▶ [Material provided]
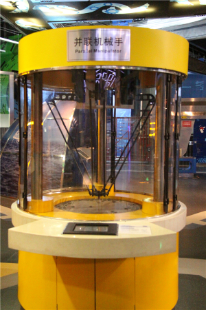 这是一个以展示智能并联机械手臂的展品。通过体验者信息的输入,并联机械手臂可以在工作区域内快速的实现图形的拼写,展示了新型智能并联机器人的高速性与智能型。
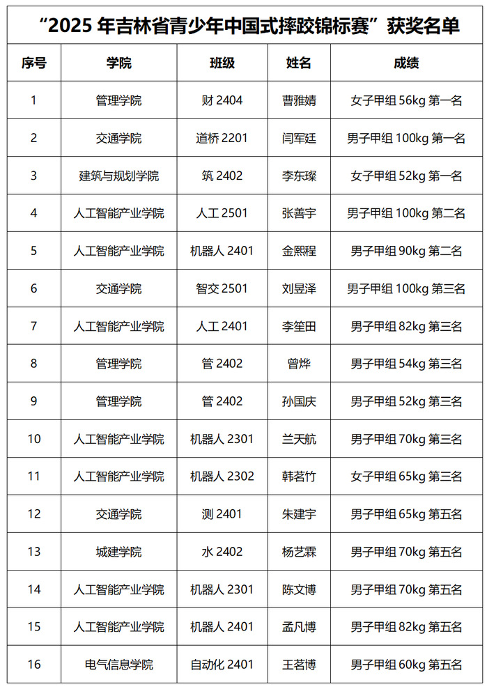 跤場(chǎng)逐夢(mèng)展鋒芒!長(zhǎng)春建筑學(xué)院摔跤隊(duì)征戰(zhàn)吉林省青少年中國(guó)式摔跤錦標(biāo)賽載譽(yù)歸來(lái)
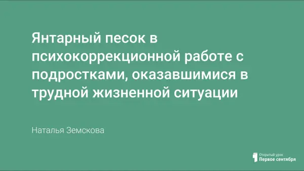 Описана песочная арт-терапия как метод невербальной психокоррекции. Занятия с подростками гармонизируют эмоциональное состояние как потенциал для преодоления деструктивных изменений личности и личностного роста; предотвращает негативные эмоциональные переживания и их проявления.
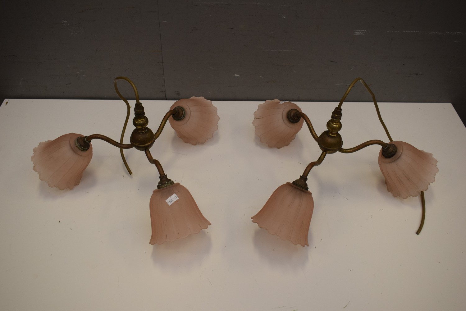A PAIR OF BRASS AND PINK GLASS LIGHT FITTINGS (A/F) (22H x 42D CM) (LEONARD JOEL DELIVERY SIZE: MEDIUM)
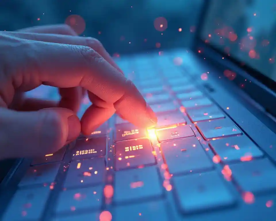 JulianA dreamlike, watercolor-style illustration of a human finger pressing the "Enter" key on a soft-glowing keyboard. As the key is pressed, delicate streams of col
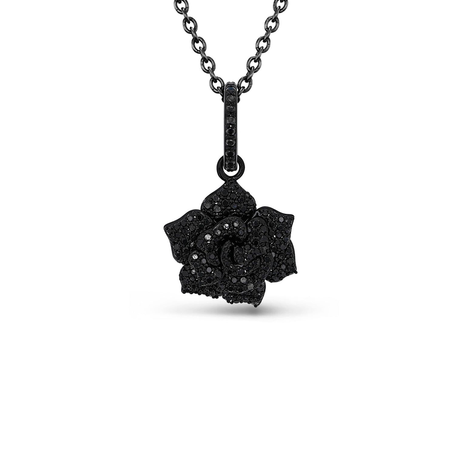 Black Diamond Rose Pendant on Double Cable Chain Necklace - 17"
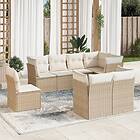vidaXL Matgrupp för trädgården med dynor 8 delar beige konstrotting 3217928

▶ [Exercise directions] Starting at the line that holds "Black Diamond Rose", repeat every line through the end of the listing exactly as written, skipping any picture.

▶ [Task result]
 Black Diamond Rose Pendant on Double Cable Chain Necklace - 17"
vidaXL Matgrupp för trädgården med dynor 8 delar beige konstrotting 3217928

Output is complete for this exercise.